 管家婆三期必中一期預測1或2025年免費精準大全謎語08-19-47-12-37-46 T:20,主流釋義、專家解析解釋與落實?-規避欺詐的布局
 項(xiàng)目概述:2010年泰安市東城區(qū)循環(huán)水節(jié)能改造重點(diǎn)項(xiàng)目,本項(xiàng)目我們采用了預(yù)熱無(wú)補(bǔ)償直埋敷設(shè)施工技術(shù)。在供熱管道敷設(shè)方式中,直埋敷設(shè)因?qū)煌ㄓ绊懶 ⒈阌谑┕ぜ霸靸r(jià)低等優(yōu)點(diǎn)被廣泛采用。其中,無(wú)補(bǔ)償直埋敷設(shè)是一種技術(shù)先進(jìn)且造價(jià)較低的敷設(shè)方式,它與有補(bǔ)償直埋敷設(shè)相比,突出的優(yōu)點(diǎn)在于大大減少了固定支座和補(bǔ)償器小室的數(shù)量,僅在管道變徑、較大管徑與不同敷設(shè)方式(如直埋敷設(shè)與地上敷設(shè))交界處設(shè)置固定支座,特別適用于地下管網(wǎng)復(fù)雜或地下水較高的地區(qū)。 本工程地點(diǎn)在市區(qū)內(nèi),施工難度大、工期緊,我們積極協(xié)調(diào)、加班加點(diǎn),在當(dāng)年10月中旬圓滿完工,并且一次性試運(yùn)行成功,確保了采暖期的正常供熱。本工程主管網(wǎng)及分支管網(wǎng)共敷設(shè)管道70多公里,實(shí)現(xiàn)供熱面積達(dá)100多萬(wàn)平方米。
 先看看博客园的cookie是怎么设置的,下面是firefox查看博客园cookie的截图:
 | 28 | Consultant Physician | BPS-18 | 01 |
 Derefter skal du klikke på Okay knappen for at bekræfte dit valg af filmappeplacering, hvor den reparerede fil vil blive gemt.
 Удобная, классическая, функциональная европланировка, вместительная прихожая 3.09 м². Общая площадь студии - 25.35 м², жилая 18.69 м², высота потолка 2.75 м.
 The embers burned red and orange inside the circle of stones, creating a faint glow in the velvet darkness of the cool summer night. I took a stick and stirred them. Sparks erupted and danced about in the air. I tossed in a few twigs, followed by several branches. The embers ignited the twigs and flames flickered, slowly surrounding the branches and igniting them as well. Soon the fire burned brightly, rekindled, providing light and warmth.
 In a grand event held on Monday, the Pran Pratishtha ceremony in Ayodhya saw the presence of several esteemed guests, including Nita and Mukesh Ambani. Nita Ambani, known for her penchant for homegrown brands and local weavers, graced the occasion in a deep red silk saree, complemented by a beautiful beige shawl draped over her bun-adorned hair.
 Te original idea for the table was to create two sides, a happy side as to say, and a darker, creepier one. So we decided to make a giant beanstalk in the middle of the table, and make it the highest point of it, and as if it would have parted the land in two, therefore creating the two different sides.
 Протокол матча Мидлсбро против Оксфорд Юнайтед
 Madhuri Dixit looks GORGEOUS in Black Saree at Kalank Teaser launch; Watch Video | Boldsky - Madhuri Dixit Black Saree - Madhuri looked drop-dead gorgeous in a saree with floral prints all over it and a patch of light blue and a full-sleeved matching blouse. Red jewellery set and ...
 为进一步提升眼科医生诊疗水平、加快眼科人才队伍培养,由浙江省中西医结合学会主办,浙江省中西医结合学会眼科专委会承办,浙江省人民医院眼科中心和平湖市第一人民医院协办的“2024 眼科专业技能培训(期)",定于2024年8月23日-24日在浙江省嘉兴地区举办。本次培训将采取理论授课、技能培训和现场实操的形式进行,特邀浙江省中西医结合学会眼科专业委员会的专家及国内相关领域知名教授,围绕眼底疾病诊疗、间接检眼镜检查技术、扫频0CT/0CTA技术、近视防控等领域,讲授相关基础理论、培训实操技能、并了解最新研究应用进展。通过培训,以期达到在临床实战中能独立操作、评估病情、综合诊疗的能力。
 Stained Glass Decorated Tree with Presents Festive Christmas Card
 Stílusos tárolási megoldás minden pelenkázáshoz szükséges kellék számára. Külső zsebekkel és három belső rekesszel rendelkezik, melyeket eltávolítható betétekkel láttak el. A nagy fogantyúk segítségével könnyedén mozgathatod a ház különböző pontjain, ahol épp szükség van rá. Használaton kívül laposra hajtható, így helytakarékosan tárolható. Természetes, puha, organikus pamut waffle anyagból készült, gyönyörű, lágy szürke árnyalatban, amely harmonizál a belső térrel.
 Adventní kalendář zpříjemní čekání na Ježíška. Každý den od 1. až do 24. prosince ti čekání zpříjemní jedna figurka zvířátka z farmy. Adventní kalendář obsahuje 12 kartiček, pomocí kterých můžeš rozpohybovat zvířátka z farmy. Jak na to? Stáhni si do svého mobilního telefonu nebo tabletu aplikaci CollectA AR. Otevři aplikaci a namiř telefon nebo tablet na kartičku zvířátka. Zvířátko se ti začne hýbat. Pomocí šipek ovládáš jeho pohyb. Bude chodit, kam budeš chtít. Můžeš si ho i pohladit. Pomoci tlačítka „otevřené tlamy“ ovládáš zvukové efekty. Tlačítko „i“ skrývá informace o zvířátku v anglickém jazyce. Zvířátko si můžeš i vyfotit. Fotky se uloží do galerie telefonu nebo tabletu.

##############################

● PROBLEM REQUIREMENTS
Using the data above, print exactly the lines from the line that contains "In a grand event" through the line that contains "Протокол матча Мидлсбро", with both included.

● TASK ANSWER
 In a grand event held on Monday, the Pran Pratishtha ceremony in Ayodhya saw the presence of several esteemed guests, including Nita and Mukesh Ambani. Nita Ambani, known for her penchant for homegrown brands and local weavers, graced the occasion in a deep red silk saree, complemented by a beautiful beige shawl draped over her bun-adorned hair.
 Te original idea for the table was to create two sides, a happy side as to say, and a darker, creepier one. So we decided to make a giant beanstalk in the middle of the table, and make it the highest point of it, and as if it would have parted the land in two, therefore creating the two different sides.
 Протокол матча Мидлсбро против Оксфорд Юнайтед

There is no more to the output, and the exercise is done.